_What is expected_
Only the pictures are to be dropped; the rest of the data below is to be duplicated exactly.

Dataset excerpts:
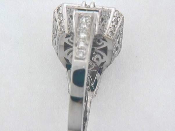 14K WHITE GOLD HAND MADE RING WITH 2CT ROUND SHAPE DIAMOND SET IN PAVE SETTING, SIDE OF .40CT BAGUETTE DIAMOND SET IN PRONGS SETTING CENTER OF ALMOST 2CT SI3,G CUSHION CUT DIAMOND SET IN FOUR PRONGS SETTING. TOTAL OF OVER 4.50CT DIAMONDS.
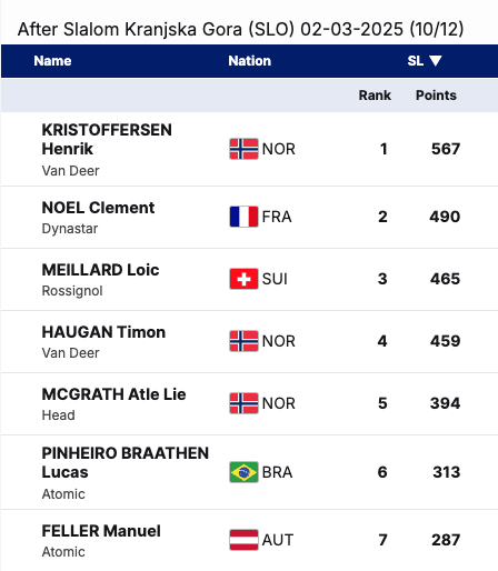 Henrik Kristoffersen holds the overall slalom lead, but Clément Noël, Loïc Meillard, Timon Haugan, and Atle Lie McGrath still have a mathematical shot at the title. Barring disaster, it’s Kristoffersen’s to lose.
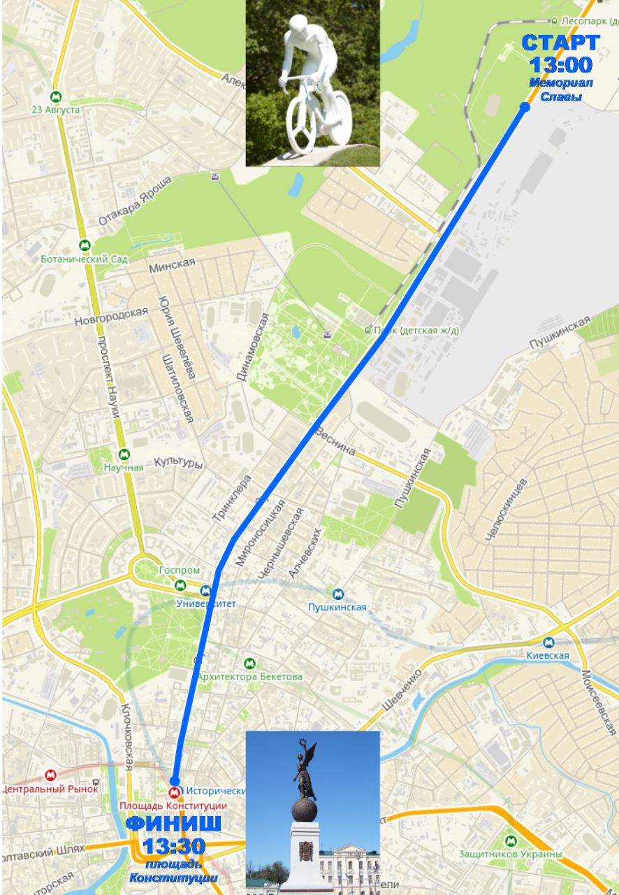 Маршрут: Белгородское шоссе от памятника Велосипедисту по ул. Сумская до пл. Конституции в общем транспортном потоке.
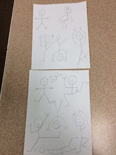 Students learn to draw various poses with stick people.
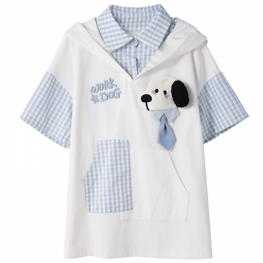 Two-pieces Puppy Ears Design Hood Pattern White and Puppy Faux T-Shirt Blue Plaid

_Output below_
 14K WHITE GOLD HAND MADE RING WITH 2CT ROUND SHAPE DIAMOND SET IN PAVE SETTING, SIDE OF .40CT BAGUETTE DIAMOND SET IN PRONGS SETTING CENTER OF ALMOST 2CT SI3,G CUSHION CUT DIAMOND SET IN FOUR PRONGS SETTING. TOTAL OF OVER 4.50CT DIAMONDS.
 Henrik Kristoffersen holds the overall slalom lead, but Clément Noël, Loïc Meillard, Timon Haugan, and Atle Lie McGrath still have a mathematical shot at the title. Barring disaster, it’s Kristoffersen’s to lose.
 Маршрут: Белгородское шоссе от памятника Велосипедисту по ул. Сумская до пл. Конституции в общем транспортном потоке.
 Students learn to draw various poses with stick people.
 Two-pieces Puppy Ears Design Hood Pattern White and Puppy Faux T-Shirt Blue Plaid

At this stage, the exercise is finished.